People might wonder, I’ve had the luxuries of being in the Premiership and to come to this would be a shock to the system. How can it be a shock to the system when I’ve been there and I know what it’s about?

That doesn’t worry me at all. At the end of the day, football is football and it doesn’t matter what arena you play it in.

Announcing Laws’s appointment on Monday, Rovers chairman Jonathan Roche said that he hoped the move would give the club “breathing space” in their search for a permanent successor for Kenny. Laws appealed, he said, because he is a man in touch with the game in Ireland.

Frequent trips to Airtricity League grounds to scout potential talent will help him to settle quickly, Laws says, as will his experience of working with Irish players who have made the move cross-channel.

“The one thing you get from Irish players is honesty and endeavour. They’re great in the dressing rooms, they give their all in every aspect and that’s something that attracts managers. I’ve been doing that for years, coming over and watching games.

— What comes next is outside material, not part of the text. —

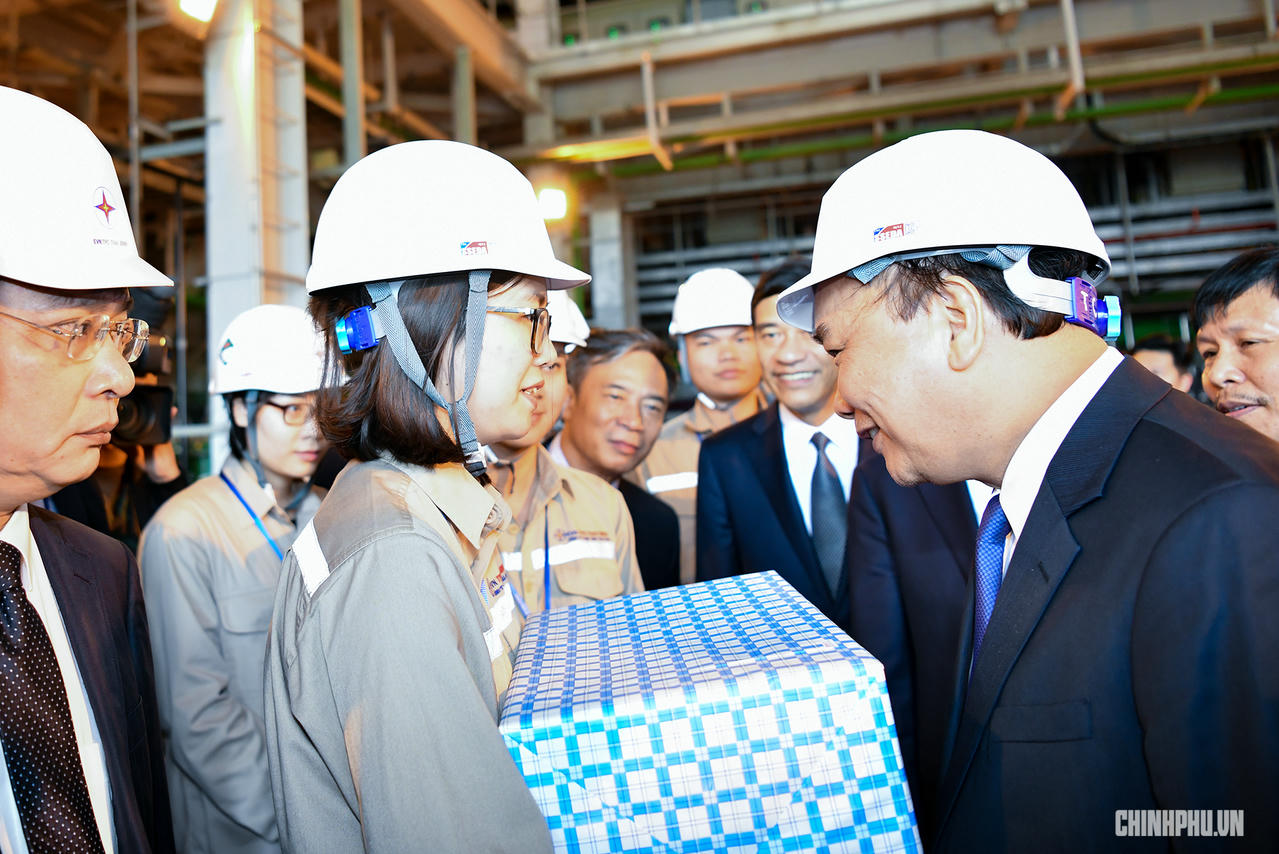 | Thủ tướng Nguyễn Xuân Phúc tặng quà cho công nhân nhà máy. |

You certainly don’t forget.”

With the only remaining silverware of the season on the line on Saturday and every league point precious in the race for European spots, Laws knows that he won’t have the opportunity to reinvent Rovers in seven games.

“Hopefully I can help them get the spark back. Maybe they’ve lost that of late and if I reignite the spark for them and get some consistency, hey, you never know. The one thing we have at this moment in time is something to play for.

He adds: “To implement huge changes in a footballing aspect is impossible. In fact, it would probably hinder rather than help.”

I want them to play football but I also want them to be organised and be prepared for what sort of task they have ahead of them. I’m always very strong on organisation and making sure they exactly know their jobs and roles and responsibilities. Other than that, I won’t be changing a hell of a lot because we don’t have that timescale.

They’ve got good players, they can play good football. I’ve seen that. I just want to get that consistency in there somehow.